_WORK INSTRUCTION_. In the listing below, find the line containing "in matching colors." and the line containing "A compact travel". Repeat exactly those two lines and every line between them, nothing more.

PROVIDED ENTRIES Block Start

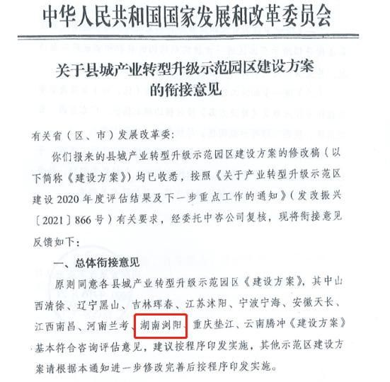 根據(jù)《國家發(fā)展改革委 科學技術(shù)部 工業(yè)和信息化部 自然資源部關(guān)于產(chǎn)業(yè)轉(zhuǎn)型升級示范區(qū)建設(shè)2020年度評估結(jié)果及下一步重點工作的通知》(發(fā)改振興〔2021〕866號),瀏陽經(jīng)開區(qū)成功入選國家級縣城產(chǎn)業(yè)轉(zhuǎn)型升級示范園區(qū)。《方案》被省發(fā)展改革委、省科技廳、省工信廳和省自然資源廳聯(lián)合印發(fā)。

PROVIDED ENTRIES Block End
PROVIDED ENTRIES Block Start

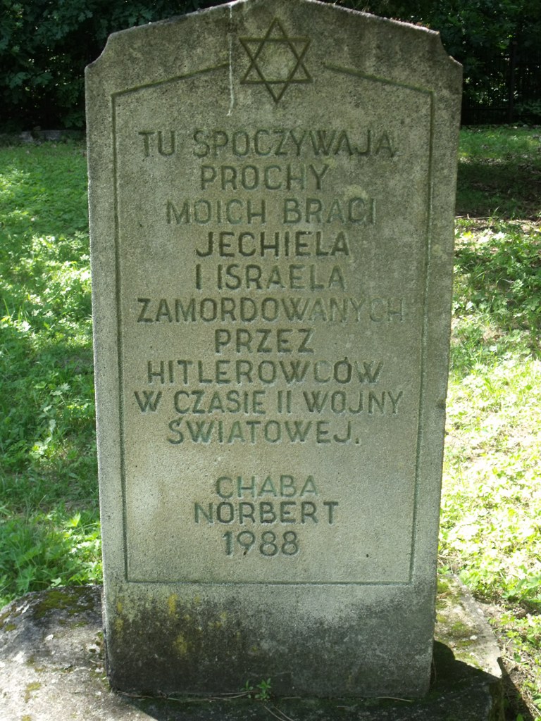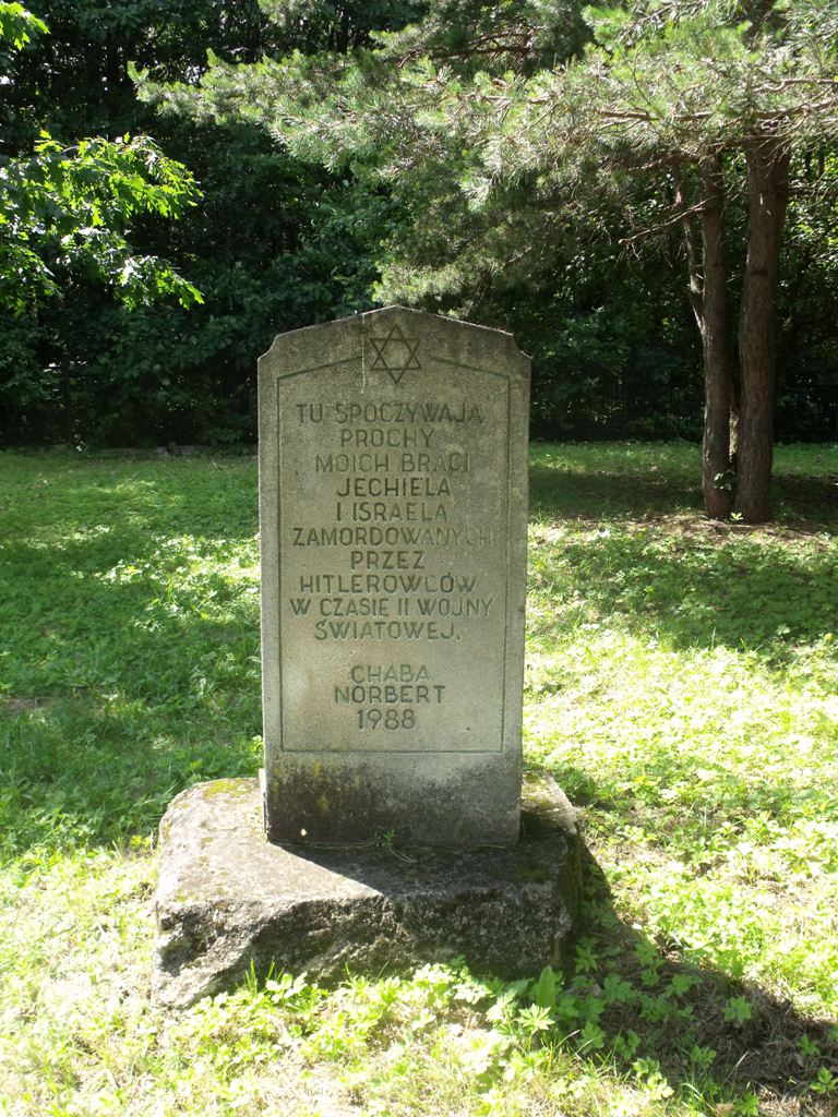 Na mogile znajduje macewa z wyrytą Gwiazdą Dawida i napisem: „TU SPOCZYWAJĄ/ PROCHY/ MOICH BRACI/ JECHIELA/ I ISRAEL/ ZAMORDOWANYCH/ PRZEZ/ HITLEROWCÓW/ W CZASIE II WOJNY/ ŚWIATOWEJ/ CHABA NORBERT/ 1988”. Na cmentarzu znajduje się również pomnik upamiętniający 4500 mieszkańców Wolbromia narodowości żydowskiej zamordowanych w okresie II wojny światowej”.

PROVIDED ENTRIES Block End
PROVIDED ENTRIES Block Start

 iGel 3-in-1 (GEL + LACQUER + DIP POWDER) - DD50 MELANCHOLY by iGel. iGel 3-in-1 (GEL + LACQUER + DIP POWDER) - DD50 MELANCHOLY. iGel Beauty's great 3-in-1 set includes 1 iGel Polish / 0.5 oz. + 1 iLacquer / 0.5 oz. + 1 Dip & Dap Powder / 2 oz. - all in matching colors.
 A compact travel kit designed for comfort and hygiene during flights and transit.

PROVIDED ENTRIES Block End

_TASK RESULT_.
 iGel 3-in-1 (GEL + LACQUER + DIP POWDER) - DD50 MELANCHOLY by iGel. iGel 3-in-1 (GEL + LACQUER + DIP POWDER) - DD50 MELANCHOLY. iGel Beauty's great 3-in-1 set includes 1 iGel Polish / 0.5 oz. + 1 iLacquer / 0.5 oz. + 1 Dip & Dap Powder / 2 oz. - all in matching colors.
 A compact travel kit designed for comfort and hygiene during flights and transit.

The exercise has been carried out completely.